Interference in Atomic Magnetometry

TL;DR

This paper uncovers a previously unknown interference effect in atomic magnetometers that significantly impacts measurement accuracy, and proposes methods to detect, characterize, and mitigate this systematic issue in various scientific applications.

Contribution

The study identifies and characterizes a new interference effect in atomic magnetometers, providing a standard detection approach and demonstrating its impact on NMR and biomagnetic measurements.

Findings

Good agreement between predictions and experimental data in ultralow-field NMR spectra.

Interference effects can cause asymmetric resonant line amplitudes.

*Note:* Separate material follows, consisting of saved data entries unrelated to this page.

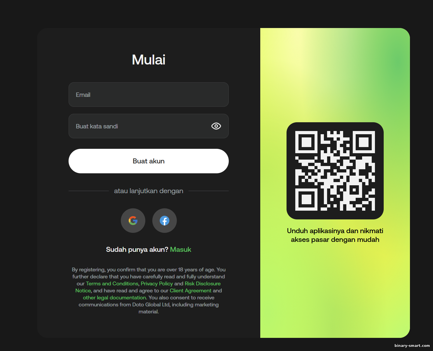 - Smartphone atau tablet lewat aplikasi native Doto (Android, iPhone/iPad) dan aplikasi MetaTrader 4/5. Terminal web Doto juga responsif di perangkat mobile, meski layar kecil kurang nyaman dibanding aplikasi.
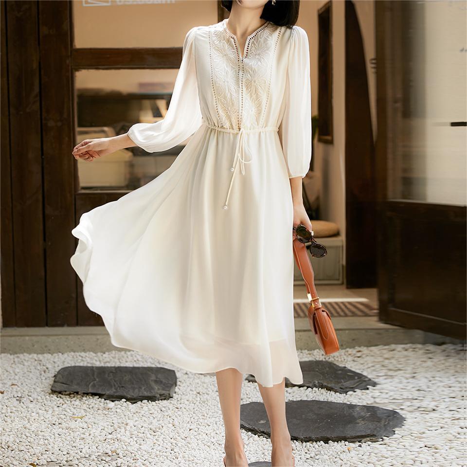 2025 여름 화이트 빅토리아 요정 원피스 자수 경량 우아한 실크 원피스스토어 가기
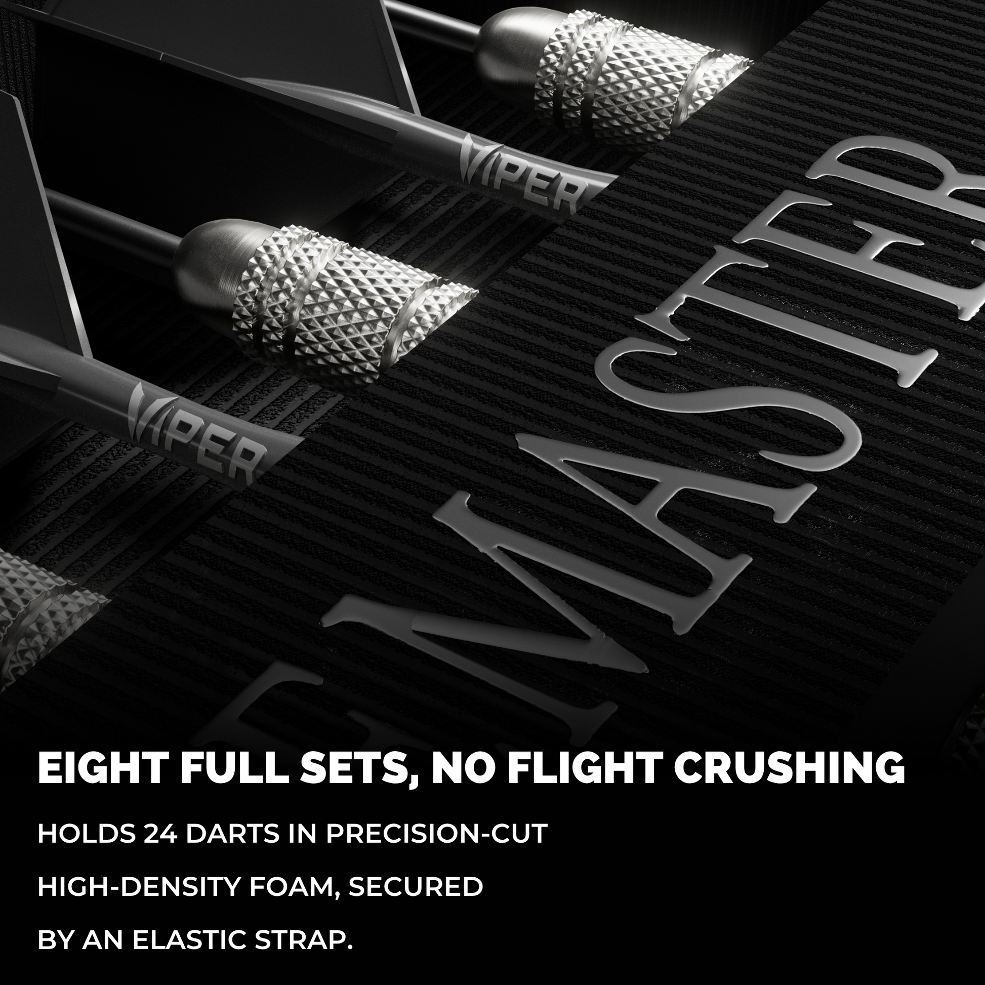 - 8 Full Sets, No Flight Crushing – Holds 24 darts in precision-cut high-density foam, secured by an elastic strap.
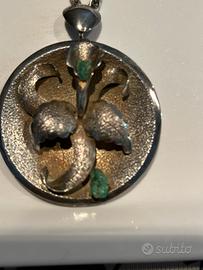 Collana lunga argento 800 con ciondolo spilla con pietra verde( smeraldi grezzi) Potrebbe essere made in Venezuela. Anni 70
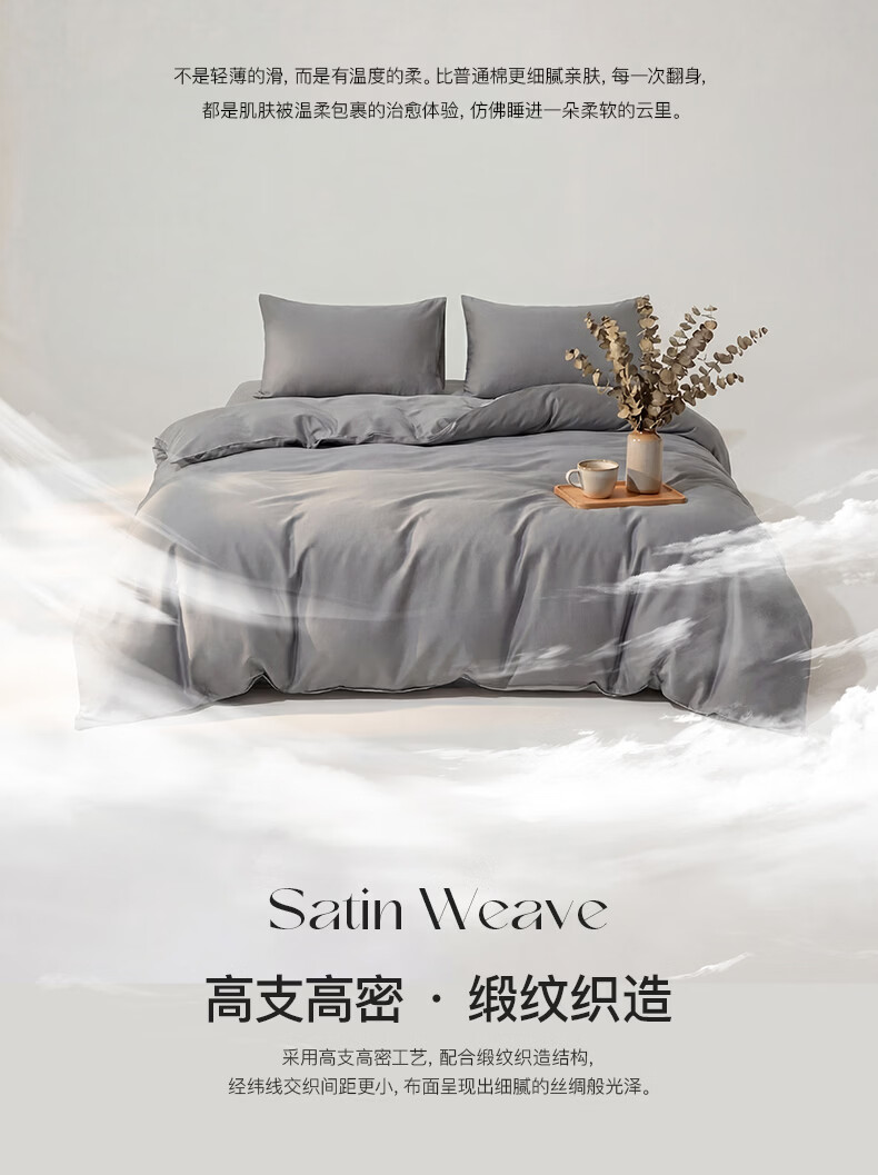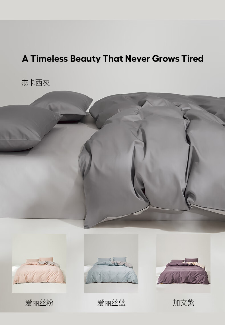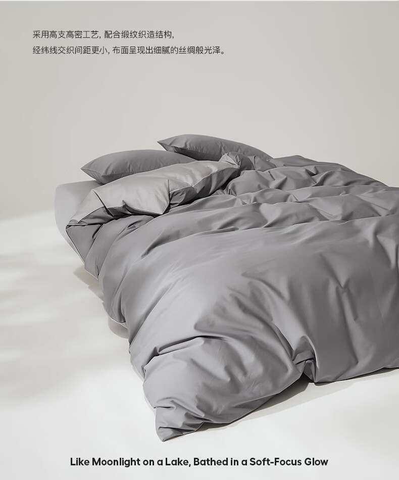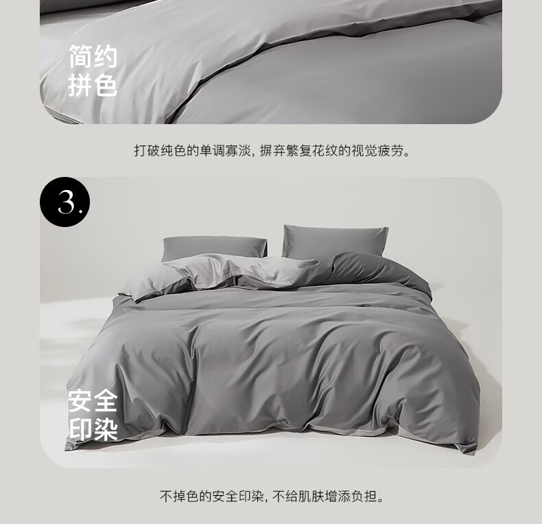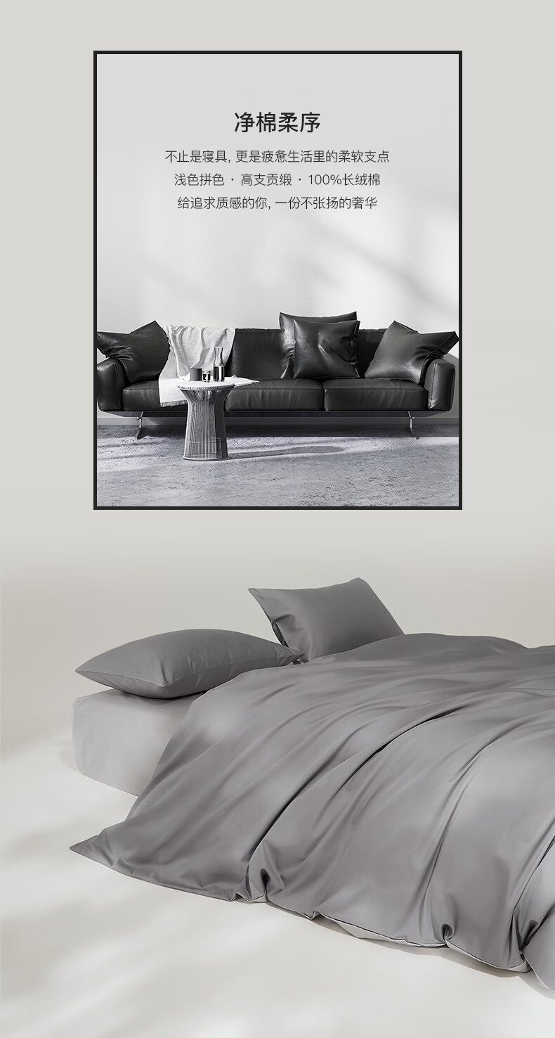 顶柔(DINGROU)净棉柔序贡缎长绒棉拼色纯棉四件套100%全棉床上用品床单被套 杰卡西灰 1.2-1.5米床 床单款 (被套150*200cm)
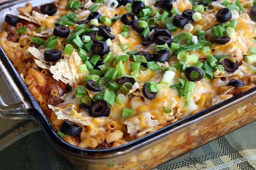 The colder weather is approaching and that means its time for some casserole dishes. This particular dish, taco casserole is one of my all time favorites. I have tried a few different taco casserole recipes, but I prefer this one with the pasta in it. Some of the ingredients in this dish include ground beef, onions, diced tomatoes, tomato soup and taco seasoning mix. Some toppings include black olives, cheese, and green onions. You could also add diced tomatoes, lettuce and sour cream if you choose. I find that added the crushed tortilla chips and the toppings within the last few minutes of baking works the best. This dish is best served immediately so the tortilla chips will still be crunchy. Enjoy.
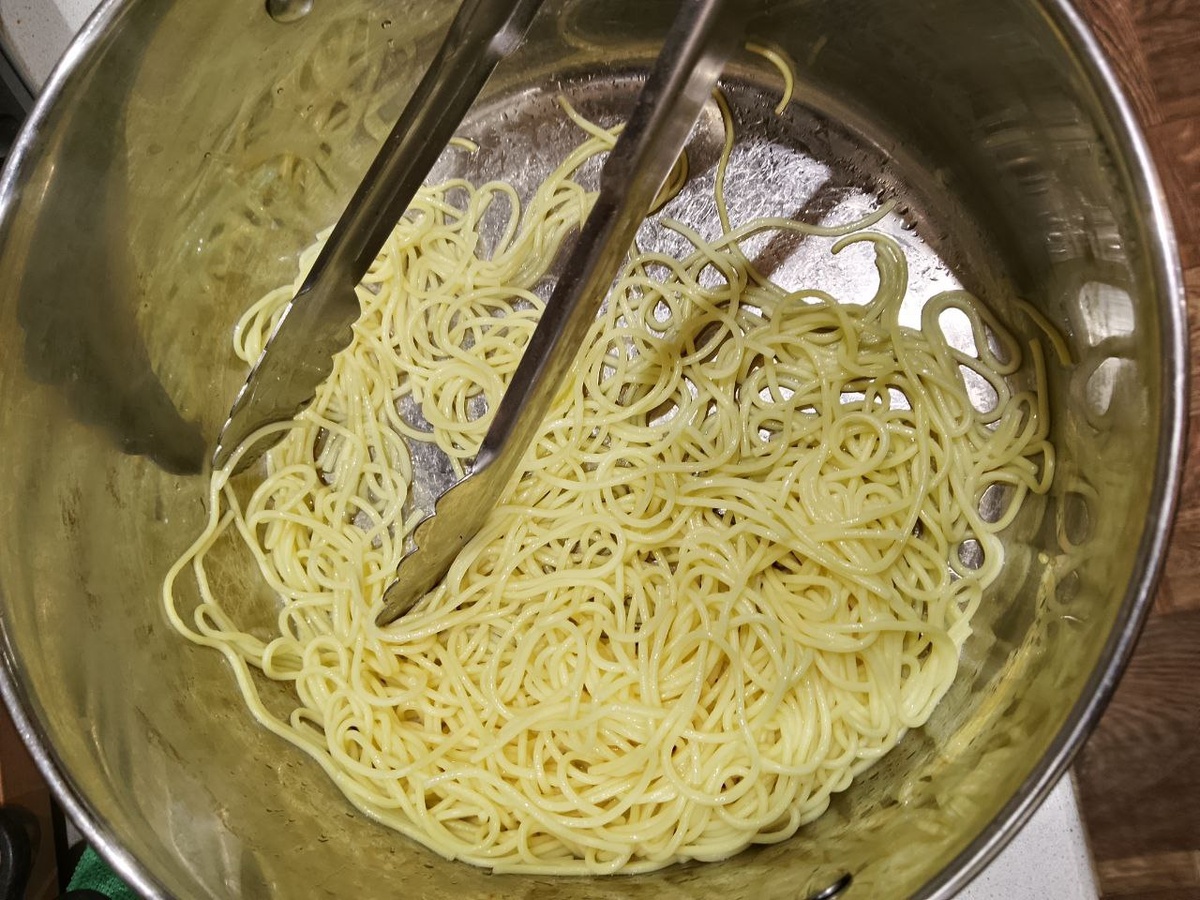 Сушеная лапша является неотъемлемой частью китайских запасов. Ее можно легко хранить в прохладном, сухом месте, и она сохранится в течение нескольких месяцев. Чтобы максимально эффективно использовать любую упаковку сушеной лапши, следуйте инструкциям ниже: 1. Положите лапшу в большую миску. 2. Полностью залейте лапшу кипятком и оставьте на 3–5 минут (в зависимости от толщины лапши). Примечание: если оставить лапшу в воде слишком долго, она станет слишком мягкой и не будет иметь той «аль денте» текстуры, которая должна быть у нее после приготовления. 3. Как только лапша размокнет и хорошо разделится (по сути, как только она потеряет форму упаковки), сразу же слейте воду через сито и промойте лапшу холодной водой. 4. Накройте поднос чистым кухонным полотенцем и выложите на него лапшу. 5. Для достижения наилучших результатов оставьте лапшу сушиться на 20 минут перед использованием. В качестве альтернативы, чтобы ускорить процесс сушки, поместите макароны в духовку с вентиляторо
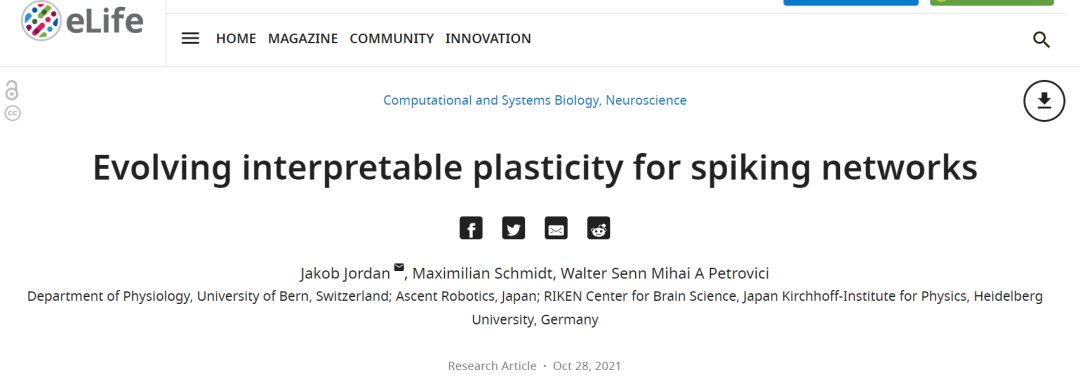 该研究以「Evolving interpretable plasticity for spiking networks」为题,于 2021 年 10 月 28 日发表在《eLife》杂志上。
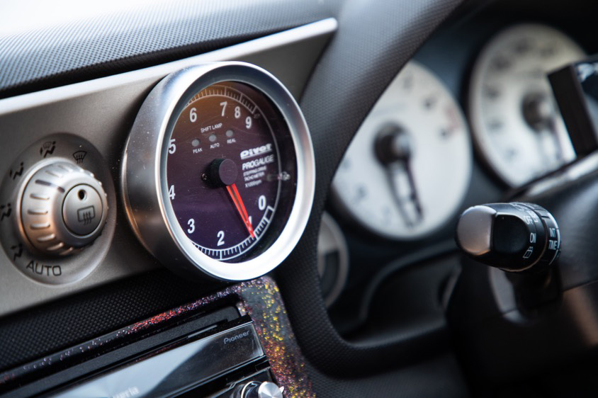 「購入してからカスタムしたのは、GTウイングとテールランプ、マフラー、ホイール、あとは灯火類。室内はステアリングにオーディオ、追加メーター類ですね」
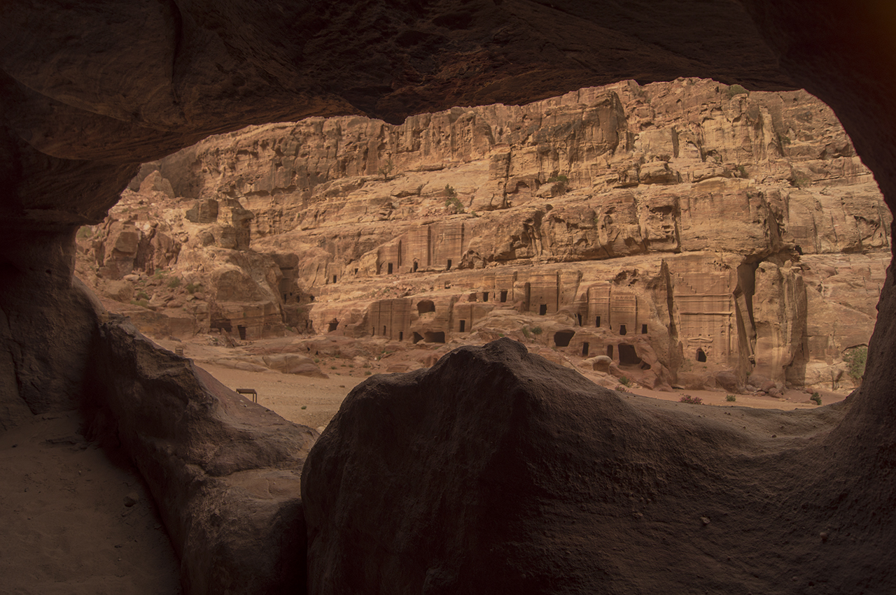 But Petra spans well beyond the Treasury building, an entire civilisation lived in the city of caves. Our great tour guide for the first part of the day, Ali, took us off-the-beaten-track after the Treasury into a 'No Climbing' area. He said if your friends with the guards it is never an issue (he was correct) and so here we are diving in and out of caves used for homes and tombs (and sometimes both) looking down onto the main city strip. One such cave even had a skylight :)

Accounting for interference improves measurement accuracy in applications.

Abstract

Atomic magnetometers are highly sensitive detectors of magnetic fields that monitor the evolution of the macroscopic magnetic moment of atomic vapors, and opening new applications in biological, physical, and chemical science. However, the performance of atomic magnetometers is often limited by hidden systematic effects that may cause misdiagnosis for a variety of applications, e.g., in NMR and in biomagnetism. In this work, we uncover a hitherto unexplained interference effect in atomic magnetometers, which causes an important systematic effect to greatly deteriorate the accuracy of measuring magnetic fields. We present a standard approach to detecting and characterizing the interference effect in, but not limited to, atomic magnetometers. As applications of our work, we consider the effect of the interference in NMR structural determination and locating the brain electrophysiological symptom, and show that it will help to improve the measurement accuracy by taking interference effects into account. Through our experiments, we indeed find good agreement between our prediction and the asymmetric amplitudes of resonant lines in ultralow-field NMR spectra -- an effect that has not been understood so far. We anticipate that our work will stimulate interesting new researches for magnetic interference phenomena in a wide range of magnetometers and their applications.